I wanted to understand how models learn, like literally bridging the gap between mathematical formulas and high-level API calls. I feel like, as a beginner in machine learning, it's important to strip away the abstractions and understand how these libraries work from the ground up before leveraging these "high-level" libraries such as PyTorch and Tensorflow. Oh I also wrote a blog post [5] on the journey.

[1] https://github.com/workofart/ml-by-hand

[2] https://github.com/karpathy/micrograd

[3] https://github.com/workofart/ml-by-hand/blob/main/examples/c...

[4] https://github.com/workofart/ml-by-hand/blob/main/examples/g...

[5] https://www.henrypan.com/blog/2025-02-06-ml-by-hand/

999900000999 · 8 months ago
FOSS MTG inspired digital card game.

I love card games, but for digital card games the business model is beyond predatory. If you need a specific card your option is to basically buy a pack. Let’s say this is about 3$ give or take. But if it’s a specific rare card, you can open a dozen of so packs and still not get the specific card you want.

This can go on indefinitely, and apologists will claim you can just work around this, by building a different deck. But the business model clearly wants you to drop 50 to 100$ just to get a single card.

All for this to repeat every 3 months when they introduce new mechanics to nerf the old cards or just rotate out the dream deck you spent 100$+ to build.

I’m under no impression I’ll directly compete, but it’s a fun FOSS game you can spin up with friends. Or even since it’s all MIT, you can fork and sell.

It also gives me an excuse to use Python, looks like Django on the backend and Godot for the game client. Although the actual logic runs in Django so you can always roll a different game client.

Eventually I’d like different devs to roll their own game clients in whatever framework they want.

Want to play from the CLI, sure

sircastor · 8 months ago
Many years ago Decipher (who made the Star Trek and Star Wars TCGs) rolled out a web platform for playing their games. It was the business model but with none of the advantages of the physical property. You would spend money on their platform to buy their digital cards, to play only there, and when you left the cards just disappeared into the void.
tasuki · 8 months ago
Have you heard about Mindbug[0]? It's a recent MTG-inspired (co-created by one of the authors of MTG) card game. Plays quick and is full of interesting and consequential decisions.

[0]: https://boardgamegeek.com/boardgame/345584/mindbug-first-con...

sentrysapper · 8 months ago
I started building a MtG competitor inspired by Altered and Netrunner. As weird as it sounds, I started with some bash scripts to see how the meta would play out to make sure the card values/strategies were balanced.

I would love to compare game development notes if you're interested in discussing this sometime.

bhu8 · 8 months ago
I'm sold. How do I play?
999900000999 · 8 months ago
Wait 3 months for me to finish.

So far it's basically just a Django server. You're responsible for self hosting ( although I imagine I'll put up a demo server), you can define your own cards.

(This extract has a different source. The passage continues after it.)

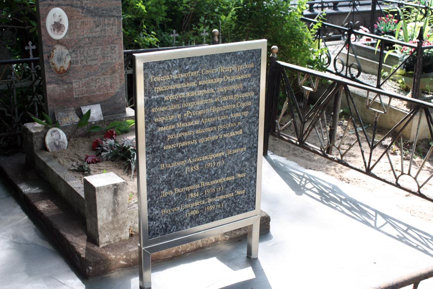 На могиле установлена памятная гранитная плита с надписями: «Генерал-адъютант, Санкт-Петербургский градоначальник, командир Отдельного корпуса жандармов, дворцовый комендант, покровитель «Союза русского народа» и «Русского Народного Союза имени Михаила Архангела», кавалер различных высоких русских и иностранных орденов и медалей Владимир Александрович Дедюлин (1858–1913 гг.). Дочь Екатерина Владимировна Эксе (1884–1976 гг.). Внучка Елизавета Дмитриевна Эксе (1906–1989 гг.).

You can play the game by literally just using curl calls if you want to be hardcore about it.

I *might* make a nice closed source game client one day with a bunch of cool effects, but that's not my focus right now.

maxwelljoslyn · 8 months ago
My master's thesis[1] was half research, half dev project, exploring how we can continue to fully fuse traditional RPGs with computers. This goal is my life quest, my life's work.

I think virtual tabletops (VTTs) as they currently stand are barking up the wrong tree[2]. I want a computer-augmented RPG to allow the GM to do everything he does in the analog form of the game. On-the-fly addition of content to the game world, defining of new kinds of content, defining and editing rules, and many other things ... as well as the stuff VTTs do, of course. The closest we've gotten in the last 30 years is LambdaMOO and other MUDs.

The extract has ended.